And today webmin seems to have reverted to 1.831. For info, bubbleupnpserver is one of the 2 java apps I have installed, xserver-xorg-video-intel is something I installed to make the video work properly on the eeePC. The CRON command which kicks all this off (5-install) looks like this:-

autoclean -q -y
dist-upgrade -q -y -o APT::Get::Show-Upgraded=true -o Dir::Etc::sourcelist=/etc/apt/sources.list.d/security.sources.list -o Dir::Etc::sourceparts=nonexistent -o DPkg::Options::=--force-confdef -o DPkg::Options::=--force-confold

Which is beyond me. So, some kind of update seems to be kicked off, which includes webmin, as a result of which webmin crashes. There seem to be a lot of error conditions encountered, but I'm not sure if any/which of them are serious. I am considering reinstalling everything in stages to see at what stage this starts to happen, but would prefer a more analytical approach, if anyone can decode the above messages.
Marmite.

Jeremy Davis's picture

Firstly, looking at your logs, all the mentions of xserver make me wonder if you've installed a desktop to this? If you have, TBH, I'm even more surprised that it's working in any functional way what-so-ever. The desktop alone is probably using as much (if not more) resource than rest of the server stuff combined (not withstanding the Java apps).

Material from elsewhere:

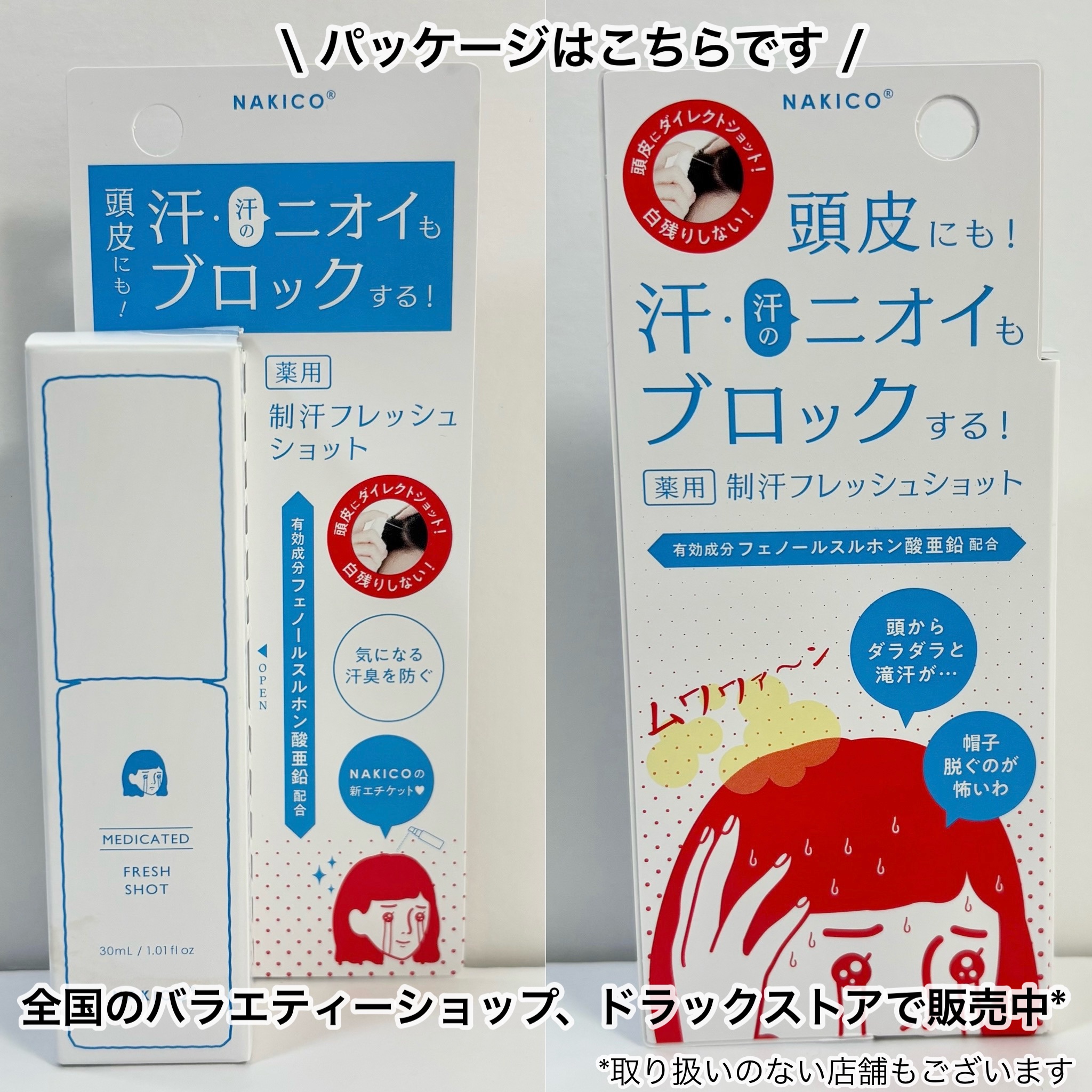 - 【医薬部外品】 日常の生活シーンでの気になる頭まわりのニオイや汗問題に着目。NAKICOの新作「薬用制汗フレッシュショット」はフェノールスルホン酸亜鉛とイソプロピルメチルフェノールのW主剤*配合の制汗ミストです。直接肌に届きやすいダイレクトノズル採用で使いやすい設計。メントール配合で清涼感もプラス。フレッシュグレープフルーツの爽やかな香り。 有効成分:フェノールスルホン酸亜鉛、シメン-5-オール

Personally, the first thing I'd be doing is removing as much of that as possible ASAP. I have come across a few server-like apps that have xserver dependencies, but even in that case, you can still ensure that xserver isn't running. Obviously, if you need it for something, or are particularly attached, you can of course keep it; but I'd certainly make sure that it doesn't auto start, and kill it each time you're finished working on it.

The cron command that's running (trying to install stuff via apt) is likely the auto security updates. You could turn that off if you wanted, although I wouldn't recommend it, despite that fact that I suspect that it would "resolve" your immediate concerns. However, I'm pretty sure that secupdates "breaking stuff" is a symptom of the real issue, rather than the cause.

Looking through your log, I'm inclined to suspect that the issue is actually being caused by your bubbleupnpserver initscript. Please be aware though, that I'm still only guessing.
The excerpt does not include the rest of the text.